═══ RECORDS PROVIDED ═══

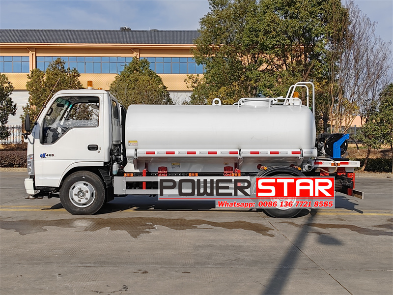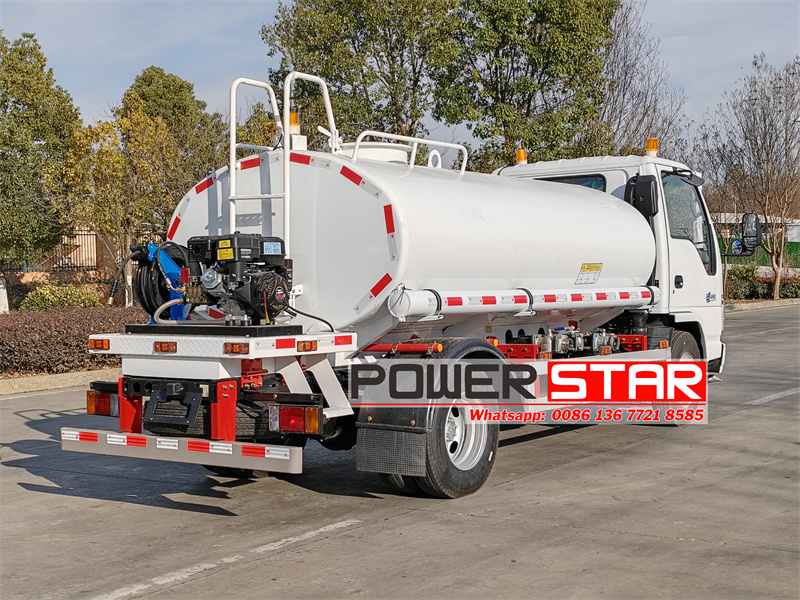 POWERSTAR 's Isuzu ELF 100P water spray truck is used for watering operations.Which is modified on the Isuzu NKR 100P light chassis,with 4KH1 120HP engine,2999ml displacement,Isuzu MSB 5-speed gearbox.The truck has a 5000L ellipse carbon water tank,with 65QZF-40/50 water pump,rear is a fuel ultra-high pressure cleaning machine,front spray, These ensure that the vehicle can efficiently carry out the watering operations.
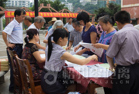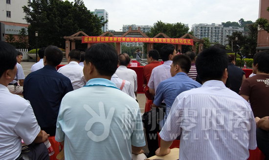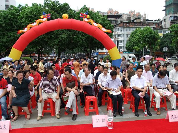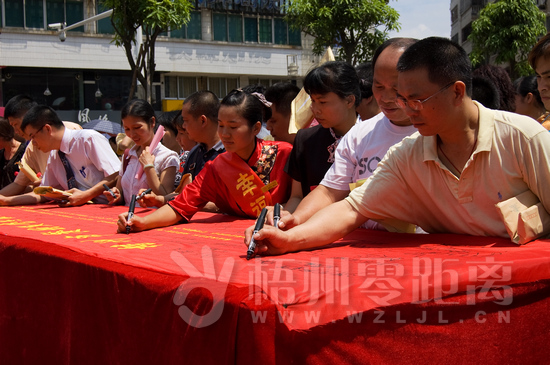 為加強梧州食品安全監管,減少梧州食品安全問題,樹立梧州良好食品安全形象,構建食品安全放心城市,6月9日上午10點30分在梧州市蝶山區潘塘公園大門口,由梧州市食品藥品監督管理局、梧州市飲食業商會聯合開展了“梧州市餐飲服務單位食品安全168字誠信宣言簽名活動儀式”,組織梧州市萬秀區、蝶山區、長洲區三區示范街所有示范店負責人,以及包括江濱國際大酒店、花樣印象、花樣年華等一些未入餐飲業商會的大中型及連鎖餐飲經營單位的法人代表和負責人、梧州市各學校食堂代表、黨政機關干部、執法人員和市民代表約近千人,就梧州市餐飲服務單位食品安全168字誠信宣言,把梧州建成食品安全放心城市,向全社會做出公開承諾,大力營造守法誠信的社會氛圍,樹立梧州食品安全的良好形象。梧州市人民政府副市長關遠芳、梧州市食品藥品監督管理局局長吳福、梧州市飲食業商會會長王偉等出席活動。
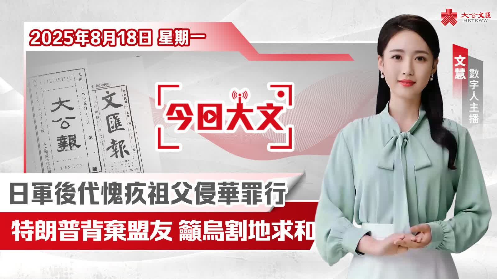 今天是2025年8月18日(星期一),大公文匯網與您速覽報紙看點。
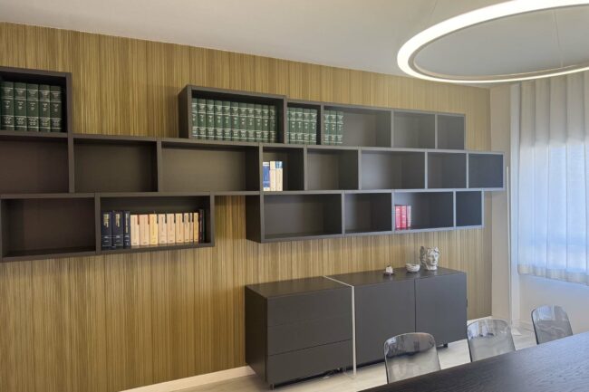 Per lo Studio Notarile Illuzzi abbiamo progettato una libreria su misura che integra contenimento e identità dello spazio di lavoro, con soluzioni funzionali pensate per l’attività quotidiana.
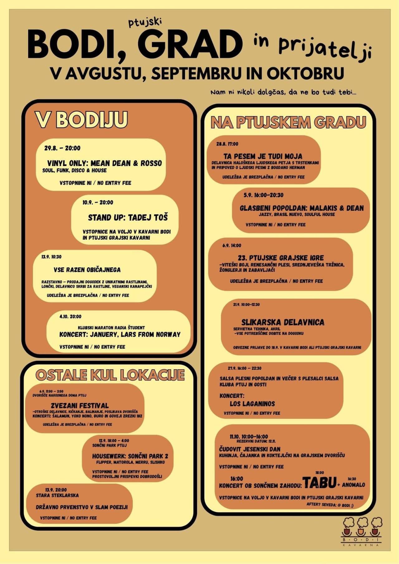 Kavarna bo poskrbela, da ustvarijo pester program za vse generacije, zato se bo v septembru in oktobru na Ptujskem gradu zvrstilo kar nekaj zanimivih dogodkov.
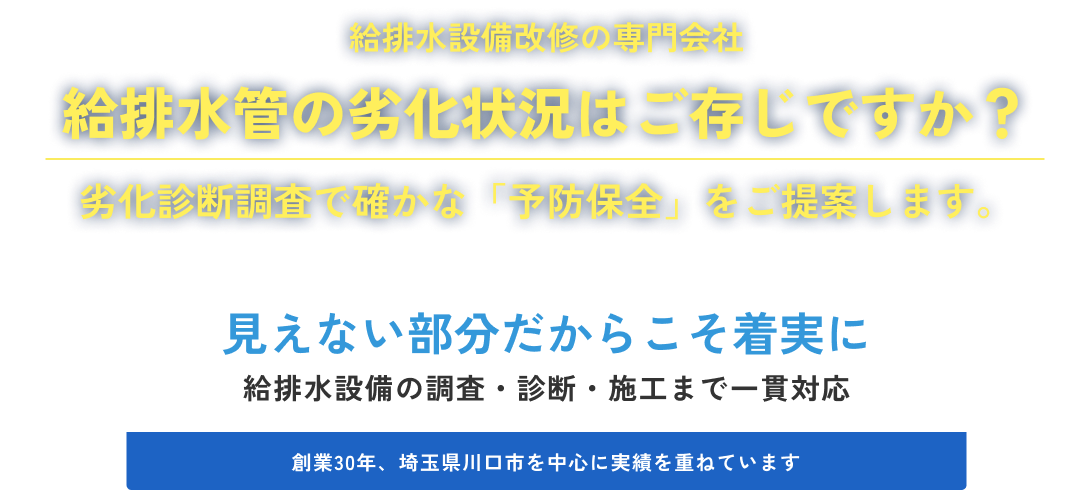 マンション・ビルの給排水設備工事、劣化診断・修繕に関するご相談は、お気軽にお問い合わせください。

═══

- [EXERCISE]
Repeat each record exactly as shown above, dropping all images.

- [WRITTEN SOLUTION]
 POWERSTAR 's Isuzu ELF 100P water spray truck is used for watering operations.Which is modified on the Isuzu NKR 100P light chassis,with 4KH1 120HP engine,2999ml displacement,Isuzu MSB 5-speed gearbox.The truck has a 5000L ellipse carbon water tank,with 65QZF-40/50 water pump,rear is a fuel ultra-high pressure cleaning machine,front spray, These ensure that the vehicle can efficiently carry out the watering operations.
 為加強梧州食品安全監管,減少梧州食品安全問題,樹立梧州良好食品安全形象,構建食品安全放心城市,6月9日上午10點30分在梧州市蝶山區潘塘公園大門口,由梧州市食品藥品監督管理局、梧州市飲食業商會聯合開展了“梧州市餐飲服務單位食品安全168字誠信宣言簽名活動儀式”,組織梧州市萬秀區、蝶山區、長洲區三區示范街所有示范店負責人,以及包括江濱國際大酒店、花樣印象、花樣年華等一些未入餐飲業商會的大中型及連鎖餐飲經營單位的法人代表和負責人、梧州市各學校食堂代表、黨政機關干部、執法人員和市民代表約近千人,就梧州市餐飲服務單位食品安全168字誠信宣言,把梧州建成食品安全放心城市,向全社會做出公開承諾,大力營造守法誠信的社會氛圍,樹立梧州食品安全的良好形象。梧州市人民政府副市長關遠芳、梧州市食品藥品監督管理局局長吳福、梧州市飲食業商會會長王偉等出席活動。
 今天是2025年8月18日(星期一),大公文匯網與您速覽報紙看點。
 Per lo Studio Notarile Illuzzi abbiamo progettato una libreria su misura che integra contenimento e identità dello spazio di lavoro, con soluzioni funzionali pensate per l’attività quotidiana.
 Kavarna bo poskrbela, da ustvarijo pester program za vse generacije, zato se bo v septembru in oktobru na Ptujskem gradu zvrstilo kar nekaj zanimivih dogodkov.
 マンション・ビルの給排水設備工事、劣化診断・修繕に関するご相談は、お気軽にお問い合わせください。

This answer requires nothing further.